> Task prompt
Write out the listing from the line with "1・2年生の「大きなかぶ」は" to the line with "Okućnica je uređena", both lines included, exactly and nothing beyond. Leave pictures out.

### Excerpted records ###

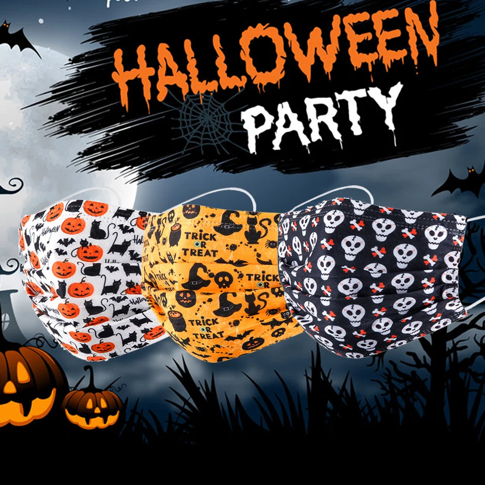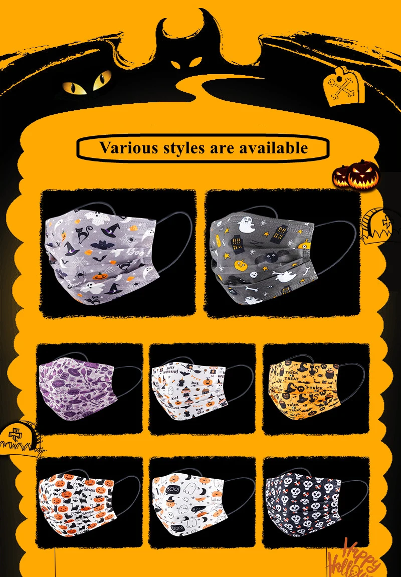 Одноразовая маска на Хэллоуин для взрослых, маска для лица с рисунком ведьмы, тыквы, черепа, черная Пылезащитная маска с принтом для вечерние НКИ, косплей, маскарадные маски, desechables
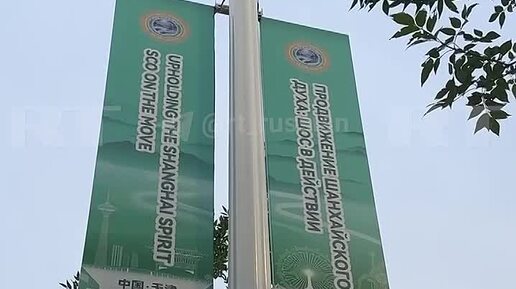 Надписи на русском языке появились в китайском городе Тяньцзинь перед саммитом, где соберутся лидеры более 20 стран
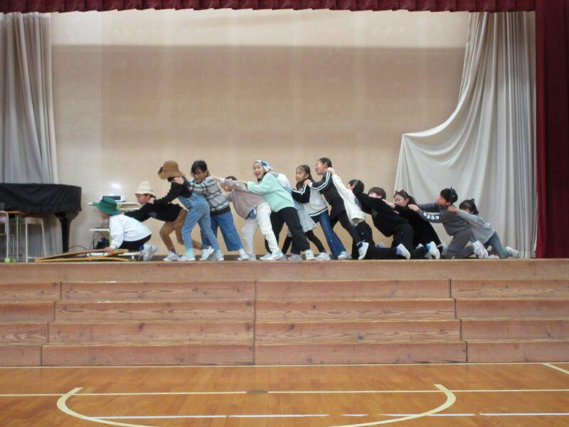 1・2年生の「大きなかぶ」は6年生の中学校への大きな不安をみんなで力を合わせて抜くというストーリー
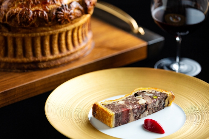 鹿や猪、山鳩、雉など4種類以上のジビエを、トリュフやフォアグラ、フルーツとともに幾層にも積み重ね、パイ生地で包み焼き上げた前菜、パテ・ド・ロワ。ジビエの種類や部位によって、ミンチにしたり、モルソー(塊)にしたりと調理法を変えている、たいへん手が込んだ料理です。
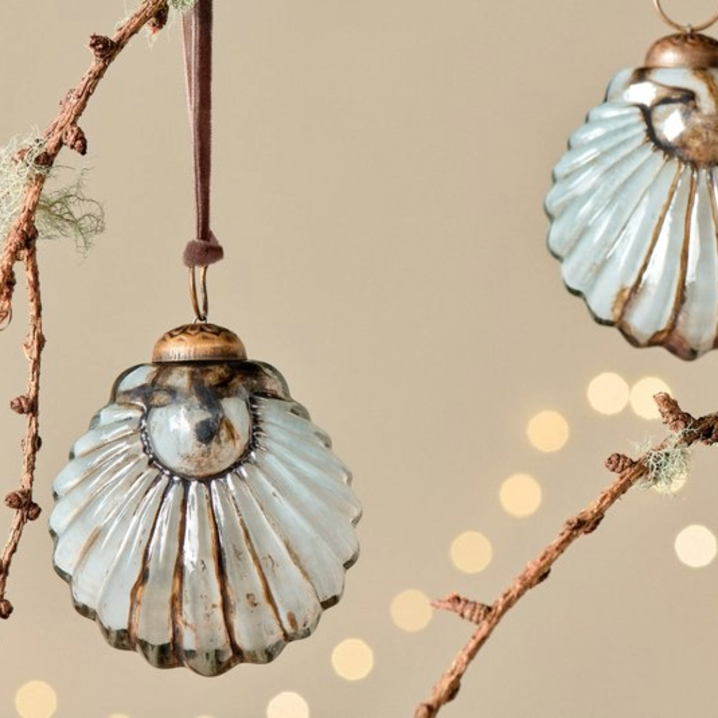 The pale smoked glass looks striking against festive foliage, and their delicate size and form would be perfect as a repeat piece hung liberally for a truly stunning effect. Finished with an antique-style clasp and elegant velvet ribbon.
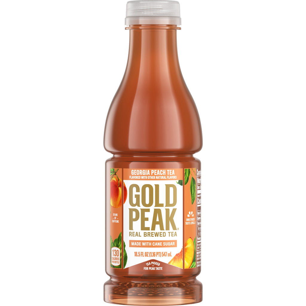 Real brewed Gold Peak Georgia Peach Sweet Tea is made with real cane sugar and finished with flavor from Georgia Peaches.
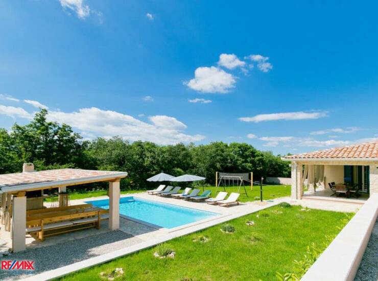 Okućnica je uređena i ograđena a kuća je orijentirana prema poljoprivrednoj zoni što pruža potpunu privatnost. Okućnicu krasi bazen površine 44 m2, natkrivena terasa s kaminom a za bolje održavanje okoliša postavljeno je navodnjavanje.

###
### Excerpted records ###

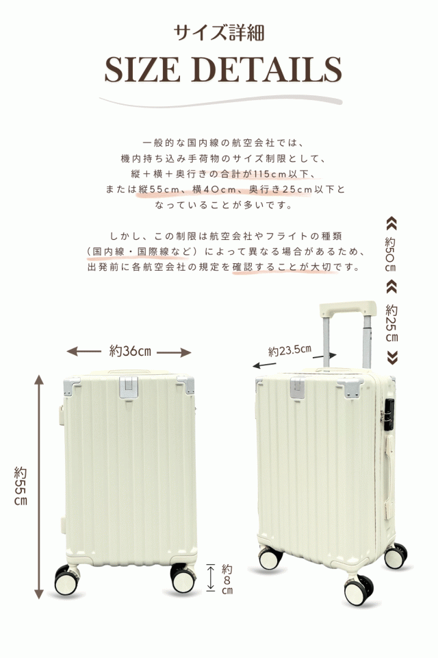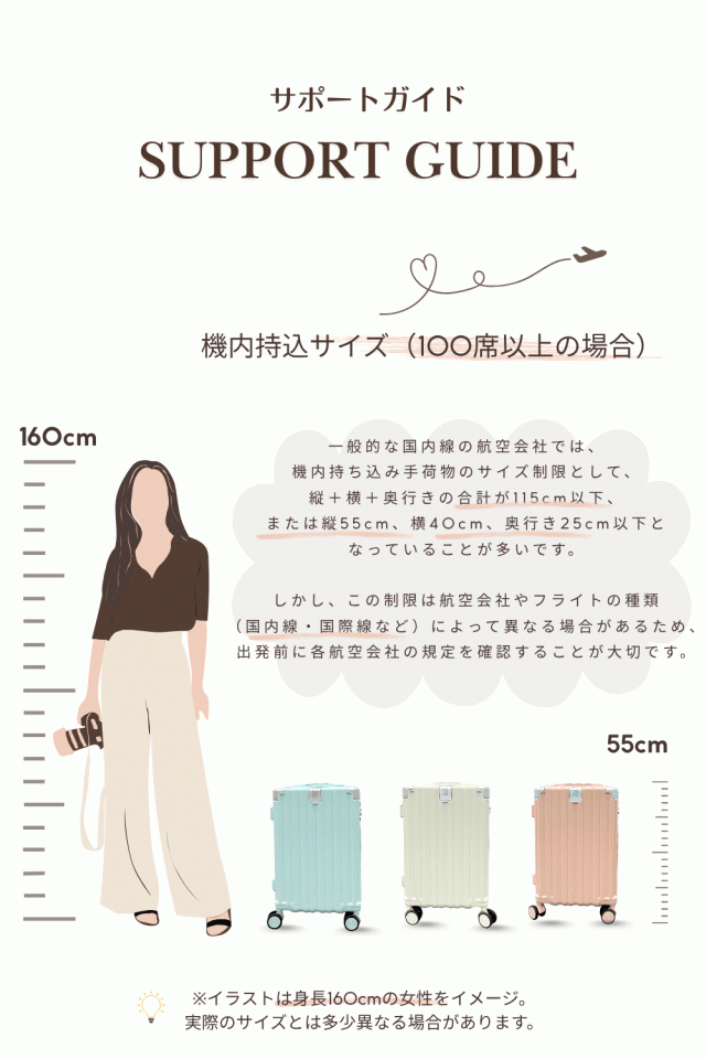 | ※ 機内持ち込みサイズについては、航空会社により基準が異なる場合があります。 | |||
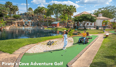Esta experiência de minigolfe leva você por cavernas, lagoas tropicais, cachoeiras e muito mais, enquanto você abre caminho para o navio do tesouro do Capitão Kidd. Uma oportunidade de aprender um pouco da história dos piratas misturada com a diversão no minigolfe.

###

> Answer section
 1・2年生の「大きなかぶ」は6年生の中学校への大きな不安をみんなで力を合わせて抜くというストーリー
 鹿や猪、山鳩、雉など4種類以上のジビエを、トリュフやフォアグラ、フルーツとともに幾層にも積み重ね、パイ生地で包み焼き上げた前菜、パテ・ド・ロワ。ジビエの種類や部位によって、ミンチにしたり、モルソー(塊)にしたりと調理法を変えている、たいへん手が込んだ料理です。
 The pale smoked glass looks striking against festive foliage, and their delicate size and form would be perfect as a repeat piece hung liberally for a truly stunning effect. Finished with an antique-style clasp and elegant velvet ribbon.
 Real brewed Gold Peak Georgia Peach Sweet Tea is made with real cane sugar and finished with flavor from Georgia Peaches.
 Okućnica je uređena i ograđena a kuća je orijentirana prema poljoprivrednoj zoni što pruža potpunu privatnost. Okućnicu krasi bazen površine 44 m2, natkrivena terasa s kaminom a za bolje održavanje okoliša postavljeno je navodnjavanje.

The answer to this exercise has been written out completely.